This should be a fairly simple question. My novel has two protagonists, one of whom is Andy T., who is a ten-year-old boy at the beginning of the story. In the first chapter we learn that Andy's father, a Marine gunnery sergeant serving in the reserves, has been killed on a training mission. As written, his family is told of Andrew Senior's death by Major George Parker, who becomes important later in the story; he is the only survivor of the plane crash that killed Andrew, he served with Andrew in Vietnam, and he brings to the family Andrew's bowie knife, a family heirloom of sorts.

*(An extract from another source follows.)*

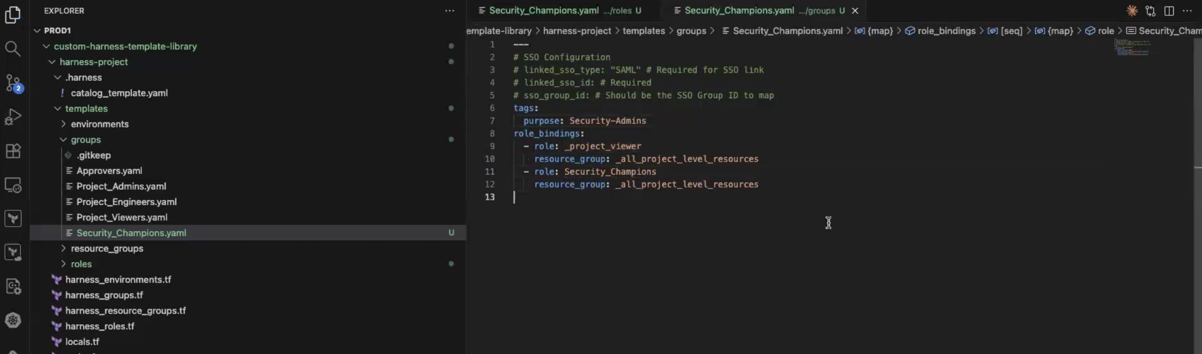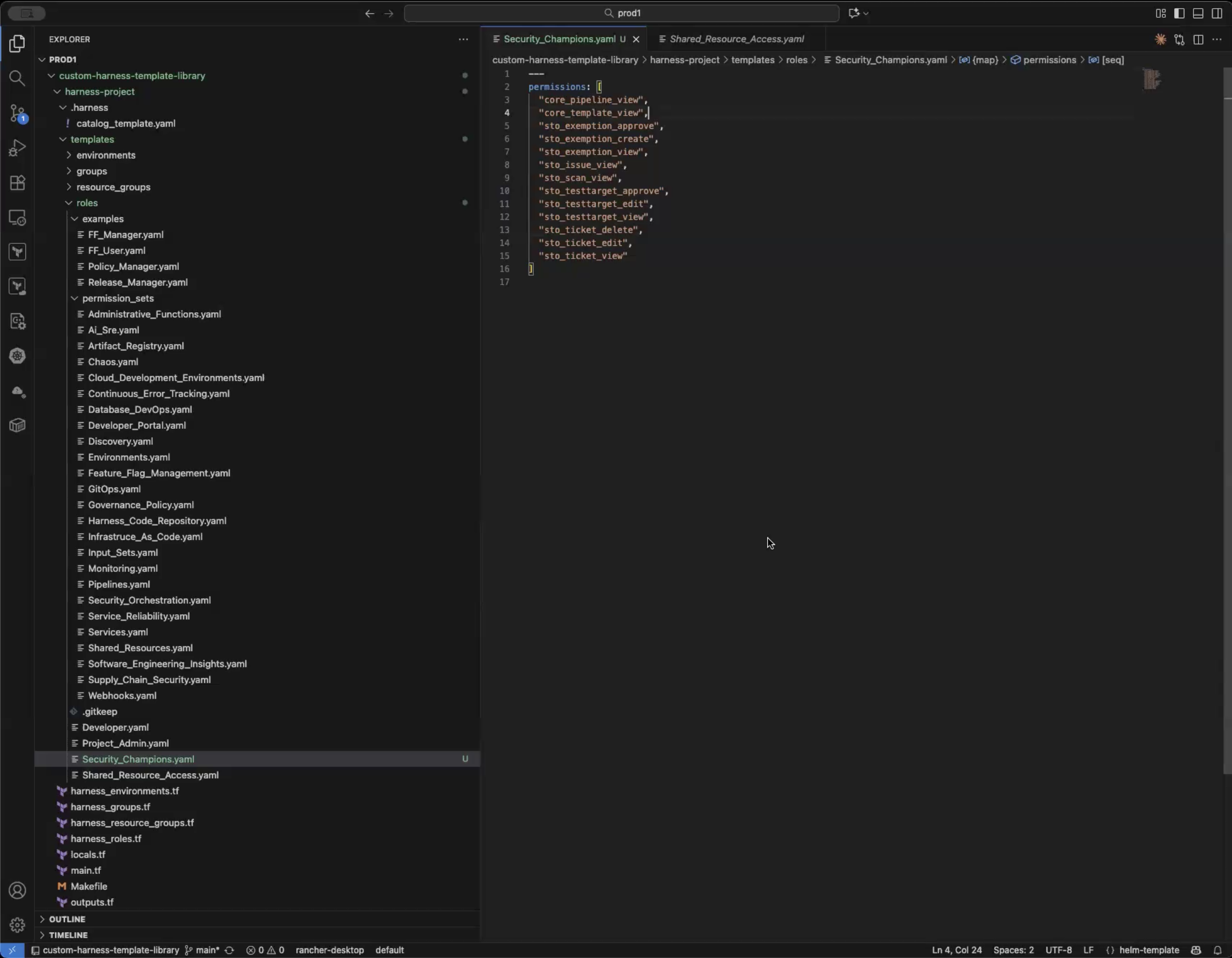 custom-harness-template-libraryand create a new file calledSecurity_Champions.yamlunderharness-project/templates/rolesthat includes what privileges this group should have. Sample permission sets are included under thepermission_setsdirectory. It should look something like this:

Anyway, .as I work on the latest draft of the story, it occurs to me that having George deliver the news of Andrew's death is just too convenient. The plane crash takes place in the Gulf of Mexico, while Andy's family lives in Memphis; if George was in the plane crash, even if he escaped unscathed, surely he'd be too far away to be the first choice to deliver such news, despite being a long-time friend of his family. Is my feeling correct here? And, if so, who would be the person who delivered the news--that is, would it be an officer or an non-com? Would it necessarily be someone from the Marines? (The story's set the mid-80s, at which time there was a Naval Air Station in the area.)

Thanks in advance for any help. As always, if anybody can point me to specific sources of information on the web, I'd be grateful.

Aguecheek
06-14-2006, 02:36 PM
Can't remember where I first found it, but the Rocky Mountain News (http://denver.rockymountainnews.com/news/finalSalute/) had a fantastic series on a Marine Major whose only job was notifying families and seeing them through the whole process. Very informative, it gives you a lot of information of what goes on behind the scenes, and the interactions with the family.

I was blubbering like a 2-year-old by the time I'd finished reading it.

robby
06-14-2006, 03:58 PM
A Casualty Assistance Calls Officer (CACO) is assigned to act as a liason between the USMC and the next of kin. They inform the next of kin in person of the death and act as a point of contact for the family.

The CACO is usually an officer who lives in the vicinity of the next of kin (i.e. assigned to the closest base). Recruiters are often used because they are spread out all over the country.

It is unlikely, in general, that the assigned CACO would know the deceased. Because time is of the essense, an officer already in the vicinity of the next of kin would preferentially be used.

Plus, your officer at the scene of the crash would probably be caught up in the crash investigation.

More info:
http://marines.mil/marinelink/mcn2000.nsf/oifassist
https://manpower.usmc.mil/portal/page?_pageid=278,1952478&_dad=portal&_schema=PORTAL

kunilou
06-14-2006, 04:26 PM
In his book The Boys of Summer Roger Kahn told the story of Clem Labine, whose son, a Marine, lost his leg in Vietnam.

A day later, I telephoned Marine headquarters in Manhattan and asked how badly a man had to be hurt in Indochina for his family to be notified personally instead of by wire.

A sergeant named Mike Burrows called back. "In this was," he said, as though reading, "next of kin are notified personally not only in the event of death but for any wound, however slight. We dispatch a telegram of confirmation, but an individual, frequently an officer, always precedes the telegram."

Since the goal was to notify the family personally ASAP, the Marines would not have waited until a friend of the family was available.

On a side note, the Marine son of friends of ours recently died (not service related). A Marine at the funeral home told us there would be at least one Marine with the body at all times until internment.

Cluricaun
06-14-2006, 04:28 PM
However you do have literary license to have your Major insist on delivering the news personally, nevermind the logistics and logic that the real world insists on.

Skald the Rhymer
06-14-2006, 04:34 PM
A Casualty Assistance Calls Officer (CACO) is assigned to act as a liason between the USMC and the next of kin. They inform the next of kin in person of the death and act as a point of contact for the family.

The CACO is usually an officer who lives in the vicinity of the next of kin (i.e. assigned to the closest base). Recruiters are often used because they are spread out all over the country.

It is unlikely, in general, that the assigned CACO would know the deceased. Because time is of the essense, an officer already in the vicinity of the next of kin would preferentially be used.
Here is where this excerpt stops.